The value of lim (n sin 5x) / (sin 3x) as x approaches 0 is
Understand the Problem
The question is asking for the value of a limit as x approaches 0 for the expression (n sin(5x)) / (sin(3x)). This requires applying limit properties and potentially L'Hôpital's rule if the limit evaluates to an indeterminate form.
Answer
The answer is $\frac{5n}{3}$.
Answer for screen readers
The final answer is: $$ \frac{5n}{3} $$
Steps to Solve
- Set up the limit expression
We want to evaluate the limit: $$ \lim_{x \to 0} \frac{n \sin(5x)}{\sin(3x)} $$
- Apply L'Hôpital's Rule
Since substituting $x = 0$ leads to the form $\frac{0}{0}$, we can apply L'Hôpital's Rule.

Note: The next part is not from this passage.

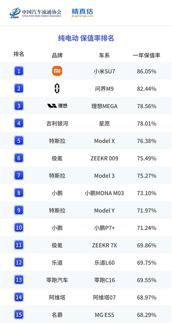 小米汽车官宣,中国汽车流通协会和精真估发布了《2025年度中国汽车保值率报告》,其中小米SU7在纯电动车领域豪取第一名。

This requires differentiating the numerator and denominator:
- The derivative of the numerator $n \sin(5x)$ is $n \cdot 5 \cos(5x)$.
- The derivative of the denominator $\sin(3x)$ is $3 \cos(3x)$.
So, we will evaluate the limit: $$ \lim_{x \to 0} \frac{n \cdot 5 \cos(5x)}{3 \cos(3x)} $$
- Evaluate the limit as x approaches 0
Substituting $x = 0$ into the differentiated expression: $$ \frac{n \cdot 5 \cos(0)}{3 \cos(0)} = \frac{n \cdot 5}{3} $$
Since $\cos(0) = 1$.
- Write the final result
Thus, we find: $$ \lim_{x \to 0} \frac{n \sin(5x)}{\sin(3x)} = \frac{5n}{3} $$
The final answer is: $$ \frac{5n}{3} $$
More Information
This limit utilizes the relationship $\lim_{u \to 0} \frac{\sin(u)}{u} = 1$, which helps simplify trigonometric expressions as they approach zero.
Tips
- Not recognizing the indeterminate form $\frac{0}{0}$ and skipping L'Hôpital's Rule.
- Forgetting to differentiate both the numerator and denominator when applying L'Hôpital's Rule.